The system that does this is called Retrieval-Augmented Generation (RAG). RAG is how AI systems pull passages from the web in real time and use them to build answers.
Three concepts drive this process: RAG itself, embeddings, and chunking. In this article, I break down each one and explain what the research shows about how they affect your content.
What Happens When Someone Asks AI a Question
The mechanics behind AI answers are simpler than most content leads expect. Understanding the pipeline helps you understand the ‘why’ behind every section you write.
The Retrieval Pipeline Behind Every AI Answer
Every time a user asks a question in Claude, ChatGPT, or Perplexity, RAG runs a two-step process:
- Retrieval: the system searches indexed content and pulls the passages most relevant to the query.
- Generation: it feeds those passages to a language model, which reads them and builds an answer, often citing where each piece came from.
AI models also draw from training data, everything the model learned before deployment. That knowledge is static and does not update between releases. So, when a model cites a source in its answer, that citation comes from the retrieval layer, not training data. For content teams, the retrieval layer is where you can influence outcomes.

Kevin Indig, Growth Advisor and former Head of SEO at Shopify, puts the distinction plainly:
“Content used for training gets barely cited, so the question we have to ask ourselves is how much we want to be part of the training data as opposed to beachfront property for live web retrieval.”

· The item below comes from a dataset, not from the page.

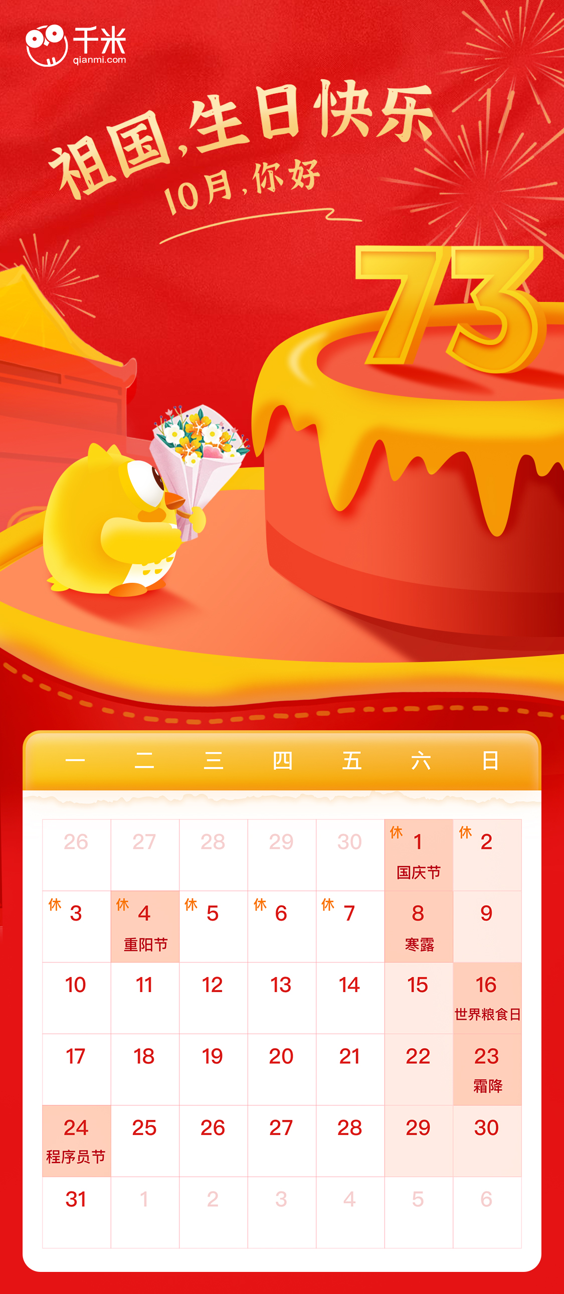 10月,你好!祖国,生日快乐!
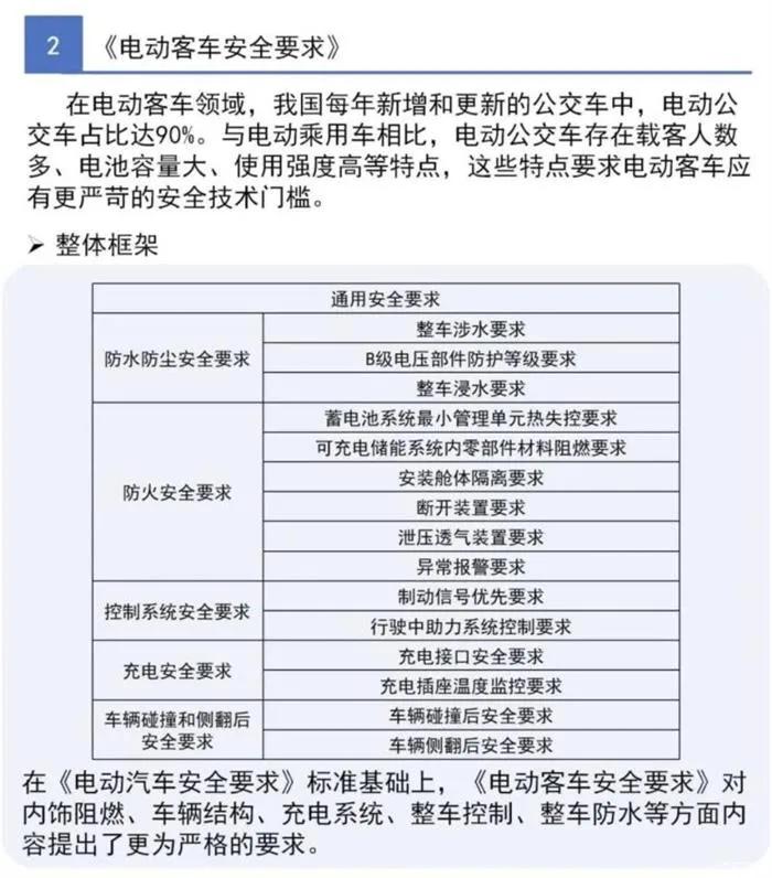 由于电动客车具有载客人数多、电池容量大、驱动功率高等特点,因此《电动客车安全要求》对电池仓部位碰撞、充电系统、整车防水试验条件等提出了更为严苛的安全要求。

The Unit of Retrieval Is the Passage, Not the Page
I explain this distinction to every content lead I work with because it changes how they scope their briefs. RAG does not retrieve full pages. It retrieves individual passages.
A 3,000-word article does not compete as one unit in AI retrieval. It gets split into passages first, and each passage is evaluated independently. An audit of 15 domains covering approximately 2 million organic sessions found that ‘answer capsule’ presence was the single strongest commonality among ChatGPT-cited posts (Search Engine Land, November 2025).
How Embeddings Decide Which Passages Match a Query
This is the concept that explains why keyword-stuffed content fails in AI search, and why a well-scoped section on a smaller site can outperform a vague section on a high-authority domain.
What an Embedding Is in Simple Terms
RAG retrieves through meaning-based matching. The technology behind this is called embeddings. An embedding is a way of converting text into a format that captures what the text means, not just what words it uses.
When your content gets indexed, every passage gets converted into an embedding. When a user asks a question, that question gets converted into an embedding, too. The system then compares the question's embedding against every passage's embedding and returns the ones that are closest in meaning. This is called semantic similarity.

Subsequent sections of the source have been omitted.